__Records provided__

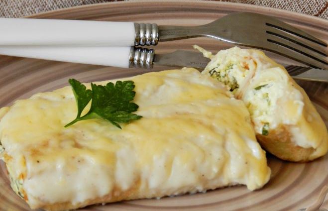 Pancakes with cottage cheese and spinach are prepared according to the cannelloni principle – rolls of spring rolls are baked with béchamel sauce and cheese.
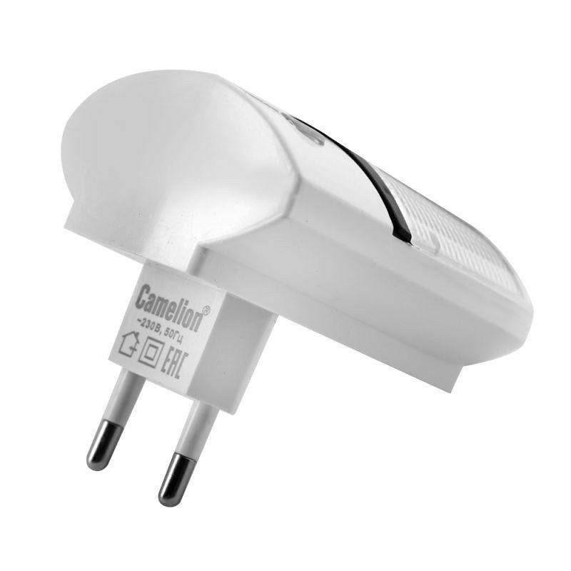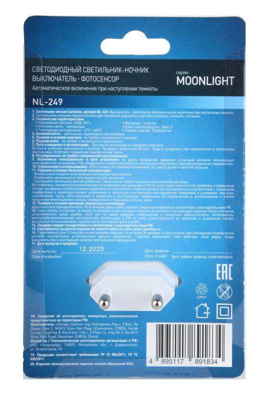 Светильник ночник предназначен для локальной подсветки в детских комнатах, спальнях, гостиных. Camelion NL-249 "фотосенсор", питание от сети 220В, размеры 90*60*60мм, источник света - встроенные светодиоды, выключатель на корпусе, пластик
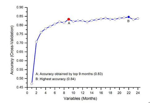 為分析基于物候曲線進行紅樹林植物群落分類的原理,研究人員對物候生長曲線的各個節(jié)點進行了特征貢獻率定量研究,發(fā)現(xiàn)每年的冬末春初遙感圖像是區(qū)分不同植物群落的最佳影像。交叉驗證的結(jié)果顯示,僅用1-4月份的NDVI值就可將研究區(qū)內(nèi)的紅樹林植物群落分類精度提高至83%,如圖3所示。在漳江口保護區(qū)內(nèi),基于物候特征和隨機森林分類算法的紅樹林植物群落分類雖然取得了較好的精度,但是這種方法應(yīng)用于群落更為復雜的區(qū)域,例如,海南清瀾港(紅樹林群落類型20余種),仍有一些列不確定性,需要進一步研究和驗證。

--

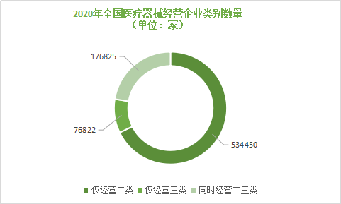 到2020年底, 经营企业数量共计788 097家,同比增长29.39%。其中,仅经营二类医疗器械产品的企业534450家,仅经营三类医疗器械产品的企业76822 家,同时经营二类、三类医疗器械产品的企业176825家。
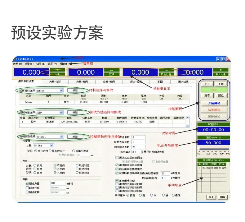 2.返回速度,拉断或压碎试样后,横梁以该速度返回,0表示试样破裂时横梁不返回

__Exercise description__
Give back exactly the lines of the listing above from the one that contains "Pancakes with cottage" up to and including the one that contains "為分析基于物候曲線進行紅樹林", but not the pictures, and no other lines.

__Written answer__
 Pancakes with cottage cheese and spinach are prepared according to the cannelloni principle – rolls of spring rolls are baked with béchamel sauce and cheese.
 Светильник ночник предназначен для локальной подсветки в детских комнатах, спальнях, гостиных. Camelion NL-249 "фотосенсор", питание от сети 220В, размеры 90*60*60мм, источник света - встроенные светодиоды, выключатель на корпусе, пластик
 為分析基于物候曲線進行紅樹林植物群落分類的原理,研究人員對物候生長曲線的各個節(jié)點進行了特征貢獻率定量研究,發(fā)現(xiàn)每年的冬末春初遙感圖像是區(qū)分不同植物群落的最佳影像。交叉驗證的結(jié)果顯示,僅用1-4月份的NDVI值就可將研究區(qū)內(nèi)的紅樹林植物群落分類精度提高至83%,如圖3所示。在漳江口保護區(qū)內(nèi),基于物候特征和隨機森林分類算法的紅樹林植物群落分類雖然取得了較好的精度,但是這種方法應(yīng)用于群落更為復雜的區(qū)域,例如,海南清瀾港(紅樹林群落類型20余種),仍有一些列不確定性,需要進一步研究和驗證。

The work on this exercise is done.